Project #9325: Earle Eaton Headphone Amp (Version MK II)

Opamp amplifier with TIP120/125 power stage

I do remember very well when my parants did no longer accept that I listened to music with loudspeakers late at night. Since those days I am a headphone addict, and used to hear music by headphones. I started with a Sennheiser HD414, the whole number of cans I owned over the years is unknown. However, there is one headphone which I thought I could affort for my passion: the AKG K1000. It was about 1500DM at that time, and it set new standards in sound quality for me. This headphone, which is more or less a pair of small but special loudspeakers, is phantastic. But it works only connected to a real power amplifier, you cant use it with a pocket CD player or a Walkman-type MD player.

The second part of the story is that I am a bass player who has to practice a lot, even if it is quiet in the night. To keep a long story short I happened upon this great site named Headwize, built various of those amps and ended up with a Apheared 47 (short form: A47) and a AKG K240 for listening to music and practicing. One day I got the idea to plug my AKG K1000 into the A47. What a surprise, the sound was amazing, even if the volume was a little bit too low. fa-schmidt in the Headwize forum gave me the advice to use something like the Earle Eaton amplifier, so I realized this project in a few days.

Basic design

The original design can be found here in Headwize.
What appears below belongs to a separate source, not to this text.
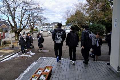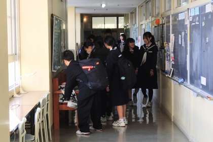 1月9日(火)下校の様子(その1) 公開日 2024/01/10 更新日 2024/01/10 その他 11時30分、終学活が終了しました。 この後は帰宅し、昼食を食べて・・・、きっと明日のテストに向けて学習に取り組む生徒がほとんどだと思います。 頑張れ、月中生!

After several discussions I decided to change some parts or to modify values. So the final schematics for my amp (called RBHead now :-)) looked like this:

Main changes are:

• MJE transistors replaced by TIP120/125
  darlingtons
• Opamp in preamp stage now OPA2132
  instead of NE5532/NE5534
• Output cap 4700uF, not 2200uF
• Emitter resistors 3.3, not 10Ohms.

The design is simple and straight forward. The input signal is preamplified and fed into a class AB output stage. The output cap is not really necessary but as I am careful with DC into my headphones I used it.
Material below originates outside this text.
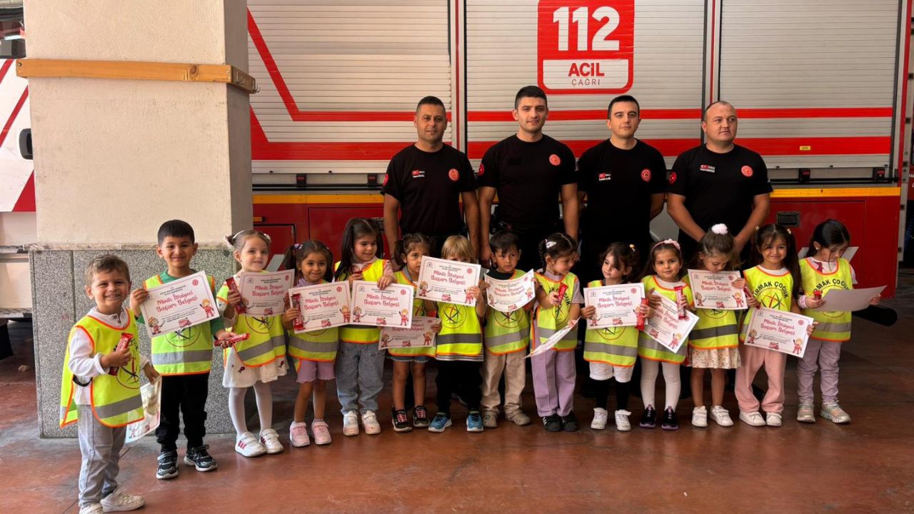 DMHA DÜZCE-Son olarak Düzce’deki iki kreşten gelen 3-6 yaş aralığındaki 70 öğrenci ve 13 öğretmen, Çoban Mevkii’ndeki İtfaiye Yerleşkesini ziyaret etti. Minikler, itfaiyecilerden yangın anında yapılması gerekenleri öğrendi, söndürme çalışmalarını ilgiyle izledi. İtfaiye araçlarına binerek keyifli anlar yaşayan çocuklara “Minik İtfaiyeci Başarı Belgesi” verildi ve çikolata ikram edildi. Ziyaret, hem öğrencilerin hem de öğretmenlerin yüzünü güldürdü, itfaiyecilerin de motivasyonunu artırdı.

The only critical component in this design can be the LED that is used for creating the necessary Vbe for the output transistors, realizing the AB class of the output stage. More details later.

The power supply is a my standard 7815/7915 version with 2200uF caps, comparable to the original Eaton design. In some designs you will find 1N400x across each regulator. Add this after your personal taste.

One additional part is a small circuit for speaker protection. The headphones are only connected to the amps outputs after the power supply provides full operating voltage. A rather primitive design but it works. The circuit is connected to the +24V unregulated path of the positive supply. The 470uF capacitor is charged via the resistor combination 47k/250k. When the voltage between Vbe of the 2N2222 reaches 0.7V the transistor activates the relais and the headphones are connected to the amplifier outputs. Powering down the amp enables the cap to discharge and the relais becomes inactive, disconnecting the headphone lines.

Power-on delay time is:

(R * C) * (0.7V / 24V)

With the given resistor values this makes an adjustable delay of 0.7 ... 4 seconds.

All three circuits, power supply, amplifier and power-on delay, were built on separate boards to be able to replace them later (when or if a better circuit will be available).

First modifications

The most obvious change is replacing the MJEs by TIPs. This should have a direct effect on the B-to-B LED as Vbe multiplier, with the MJE243 Vbe(on) = 1.5V and the TIP120 with Vbe(on) = 2.5V according to the data sheets. An example to calculate such a Vbe stage can be found here or, with more basics, also here. Another very complete overview for amplifier design can be found in this site.

Following the design principles with TIP120/125 we should have 4 x Vbe = 2.8V (2 x 0.7V per darlington) across the LED, giving a quiescent current Iqc of 20mA. As the LED gives only 2V the resulting Iqc is only 2.5mA. This would mean that the TIPs are not really in on-position as they should be for class AB.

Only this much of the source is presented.